Yes, the conduct at issue involved large bribe payments (according to the DOJ approximately $1.6 billion). Yes, the conduct at issue resulted in (according to the DOJ) Goldman obtaining “in excess of $600 million in fees and revenue across its divisions, and increased Goldman’s stature in SE Asia.” Yes, the conduct of the culpable Goldman employees criminally charged (Tim Leissner and Roger Ng) was egregious.

Viewed through the strict lens of respondeant superior, perhaps the record-setting FCPA enforcement action was justified. In this regard, the Goldman press release nicely stated in plain English: “We all share in the benefits when our colleagues perform well for our clients. The opposite must be true as well.  When a colleague knowingly violates a firm policy, or much worse, the law, we – as a firm – have to accept responsibility and recognize the broader failure that individual behavior represents for our firm.”

However, based on the DOJ’s (and SEC’s) allegations, the Goldman enforcement action was much different than certain other top ten FCPA enforcement actions.

For instance, in the Siemens enforcement action the DOJ stated that “for much of its operations across the globe, bribery was nothing less than standard operating procedure for Siemens,” and “compliance, legal, internal audit, and corporate finance departments were areas of the company that played a significant role in the conduct at issue.”

Likewise, in the MTS enforcement action the improper conduct allegedly garnered the company $2.4 billion in revenues and involved numerous allegations concerning executive management at the parent company.

In further contrast, in the Goldman enforcement action the DOJ (and SEC) alleged that certain of Goldman’s pre-existing compliance policies and procedures worked.

This salient point raises the question of what should happen in a company with 38,000 employees when compliance – even narrowly viewed in the context of a few employees – is decent (and often good), but not great.

For starters, the terms “decent,” “good,” or “great” are not found in the FCPA’s internal controls provisions.

Rather, the statutory standard is:

“devise and maintain a system of internal accounting controls sufficient to provide reasonable assurances that

(i) transactions are executed in accordance with management’s general or specific authorization;

(ii) transactions are recorded as necessary (I) to permit preparation of financial statements in conformity with generally accepted accounting principles or any other criteria applicable to such statements, and (II) to maintain accountability for assets;

(iii) access to assets is permitted only in accordance with management’s general or specific authorization; and

(iv) the recorded accountability for assets is compared with the existing assets at reasonable intervals and appropriate action is taken with respect to any differences.”

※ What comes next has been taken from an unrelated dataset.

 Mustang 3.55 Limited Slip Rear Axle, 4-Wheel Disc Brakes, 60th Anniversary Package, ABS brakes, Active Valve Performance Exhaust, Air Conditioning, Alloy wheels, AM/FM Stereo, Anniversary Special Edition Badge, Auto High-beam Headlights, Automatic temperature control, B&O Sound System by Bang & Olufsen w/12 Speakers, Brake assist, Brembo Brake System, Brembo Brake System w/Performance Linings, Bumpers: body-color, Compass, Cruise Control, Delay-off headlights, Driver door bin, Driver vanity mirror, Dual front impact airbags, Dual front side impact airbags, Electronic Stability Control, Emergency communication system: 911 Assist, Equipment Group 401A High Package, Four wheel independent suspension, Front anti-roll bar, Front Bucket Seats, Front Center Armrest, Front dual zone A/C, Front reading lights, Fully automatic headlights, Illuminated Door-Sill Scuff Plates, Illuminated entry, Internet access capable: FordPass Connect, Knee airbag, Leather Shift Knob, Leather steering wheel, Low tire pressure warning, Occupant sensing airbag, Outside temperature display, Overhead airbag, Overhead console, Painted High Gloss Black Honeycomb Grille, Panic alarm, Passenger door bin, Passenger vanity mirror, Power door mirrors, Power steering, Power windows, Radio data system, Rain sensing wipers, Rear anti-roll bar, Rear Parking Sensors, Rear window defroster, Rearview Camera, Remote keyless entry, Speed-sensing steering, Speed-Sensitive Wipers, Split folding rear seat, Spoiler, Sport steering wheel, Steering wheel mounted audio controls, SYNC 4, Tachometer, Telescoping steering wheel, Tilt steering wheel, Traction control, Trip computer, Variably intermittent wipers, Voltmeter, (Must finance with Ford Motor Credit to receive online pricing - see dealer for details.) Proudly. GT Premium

The FCPA then defines “reasonable assurances” and “reasonable detail” to “mean such level of detail and degree of assurance as would satisfy prudent officials in the conduct of their own affairs.”

With this actual statutory standard in mind, the DOJ as follows (the SEC’s findings are substantively similar).

According to the DOJ, Leissner and Ng “attempted to onboard Low as a Goldman client, or otherwise work with Low, on numerous occasions in or about and between 2009 and 2013.” However, the DOJ alleged that BIG (Goldman’s Business Intelligence Group) “rejected Low as a Goldman client because of his inability to satisfactorily answer questions raised by Goldman’s control functions, as well as negative news coverage about Low’s lavish spending.”

Stated differently, Goldman’s internal controls were decent – in fact good.

Thereafter, according to the DOJ, “Leissner tried to onboard two of Low’s companies as clients of Goldman but was unable to do so due to compliance’s continued objections to Low.”

Stated differently, Goldman’s internal controls were once again decent – in fact good.

Thereafter, according to the DOJ, “Leissner made an additional attempt to bring Low on as a PWM (Private Wealth Management) client through Goldman’s Singapore office, without referencing the prior attempt.” Yet again, the DOJ alleged: “Low was again denied due to, among other things, his questionable source of wealth.”

Stated differently, Goldman’s internal controls were once again decent – in fact good.

Thereafter, in reference to the “Project Magnolia” deal, the DOJ alleged that a “high-ranking employee in BIG and MD voiced suspicions that Low was involved in Project Magnolia.” However, “Leissner denied that Low was involved.” Thereafter, the DOJ alleged that during a FWCC (Firmwide Capital Committee) meeting “Leissner was asked whether Low was involved in Project Magnolia and Leissner said that, other arranging a meeting between Leissner and IPIC Official 1, Low was not involved.” According to the DOJ, “Ng was also present during this meeting and did not correct Leissner’s false statement about Low’s involvement.”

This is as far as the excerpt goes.